川田: 元々デザイナーで色々なタイトルに関わった後、プロデューサーとしては『バイオハザード5』やWiiのガンシューティングの「クロニクル」シリーズを担当していました。今回はプロデューサーとして『THE MERCENARIES 3D』と『REVELATIONS』の両方をやっています。
井上: 最初は企画マンとしてカプコンに入社しまして、色々なタイトルに関わってきました。ディレクターとしてはDSの『ワンタメミュージックチャンネル DokodemoStyle』が初めで、複数のタイトルを経て前作は『Fate/unlimited codes』のスタッフとして。。今回はディレクターとして『THE MERCENARIES 3D』を担当しています。
———『THE MERCENARIES 3D』の概要を教えてください
川田: これまでの「バイオハザード」はサバイバルホラーゲームとして作ってきたのですが、今回はアクションに注力してサバイバルアクションとして楽しめるゲーム、というのが大きな特徴です。身構えて何時間も遊ぶというよりは短い時間で比較的どこでも遊べる、携帯ゲームとして遊び易いゲームとして企画しました。それはしっかり実現できていると思います。
———企画はどのように誕生したのでしょうか?
川田: もともと3DSでは『REVERATIONS』の方が先にスタートして、3DSの技術検証として『THE MERCENARIES』のステージを使って実験をしていたんです。作っていると、3DSというハードのスペックがかなり高いことが分かり、そのまま家庭用のスペックでもゲームを作れる事が分かり、技術検証をしながら実際のゲームとして制作することになりました。
———なるほど
川田: 『REVERATIONS』は全く新しいバイオハザードとして制作を進めていますので、大々的にスタッフを投入して制作に入る前の段階で時間を長く取っていて、『REVERATIONS』のコンセプトを固めている裏で『THE MERCENARIES 3D』が作れるんじゃないかという判断で始まって、実際効率的に作れているんじゃないかと思います。

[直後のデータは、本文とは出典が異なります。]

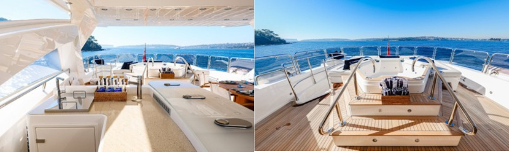 Her interior is finished in classic high-gloss timber with premium stone finishes and soft neutral furnishings, while expansive exterior entertaining areas include a shaded aft deck, foredeck sunpads, and a vast flybridge complete with hardtop, jacuzzi, wet bar and generous lounge zones.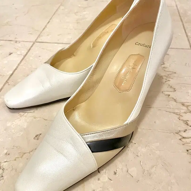 긴자 카네마츠에서 세미 오더한 펌프스입니다. 가죽이 발에 익기 전에 신지 않게 되어 상자에 넣어 보관했습니다. 힐의 고무가 약간 마모되었지만, 전체적으로는 깨끗한 상태라고 생각합니다. - 색상: 화이트 - 디자인: 스틸레토 - 힐 높이: 6~7cm - 소재: 가죽 - 특징: 사이드에 블랙 스트라이프 방문해 주셔서 감사합니다. 사이즈 - 23.5cm 힐 높이 - 5.1~7cm
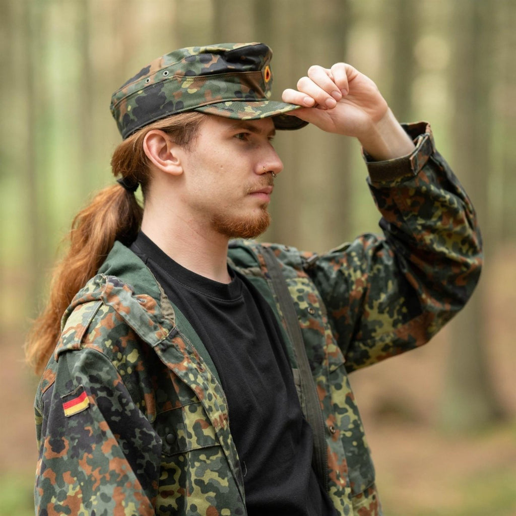 Ayez une allure élégante et soyez confiant avec cette casquette Flecktarn originale de l'armée allemande. Cette casquette militaire respirante et pliable est parfaite pour les aventures en plein air ou tout simplement comme accessoire de mode. Affichez votre style tactique avec ce chapeau militaire original dans sa couleur camouflage intemporelle BW Woodland. De plus, le motif camouflage classique Flecktarn vous permet de vous fondre dans votre environnement tout en restant unique. Améliorez votre style maintenant avec ce chapeau militaire unique en son genre.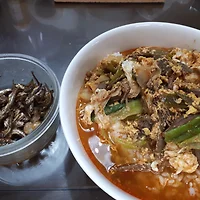 밥 오뎅 김 누른밥 볶은김치 가.무한 리필이다.

井上: スタッフにとってはずっと忙しい時期が続くということなんですけど…(笑)。
川田: 本当に申し訳なく思っています(笑)。ただ、出来上がってきているものを見ると、かなり良い感じに仕上がっていると感じています。
———スタッフも両タイトルは同じメンバーが?
川田: そうですね。一部はもちろん変わりますが。ですから、『THE MERCENARIES 3D』で培ったノウハウで『REVERATIONS』を作っていると言って問題ないと思います。
———3DSで『MERCENARIES』を作るに当たって意識したポイントは?
川田: もともと『MERCENARIES』はボーナスモードだったので、『4』や『5』をクリアして上達した人が遊ぶという前提があったんです。ですから難易度も比較的高めで、歯応えのある内容でした。今回注意したのは、バイオハザードを遊んだことのない人にも楽しめるように、ということですね。カプコンのゲームでこんなに親切なチュートリアルがあるものは無いんじゃないでしょうか?(笑)。移動の方法から教えてくれます。
井上: ただし、チュートリアルといっても単に易しいだけではありません。そこはカプコンのアクションゲームらしい歯応えがチュートリアルと云えども存在し、極めようとすると上達が必要です。
———僕も最初のチュートリアルで時間切れになってしまって…
井上: あはは(笑)。チュートリアルもそうですが、後半に行くに従って、カプコンらしい噛めば噛むほど味が出るチューニングというのは健在です。「バイオハザード」初心者でも遊べるように作りましたが、だからといってヌルいゲームではありませんのでご安心を。チューニングスタッフからも「後半はしんどい…」と言われていますので(笑)。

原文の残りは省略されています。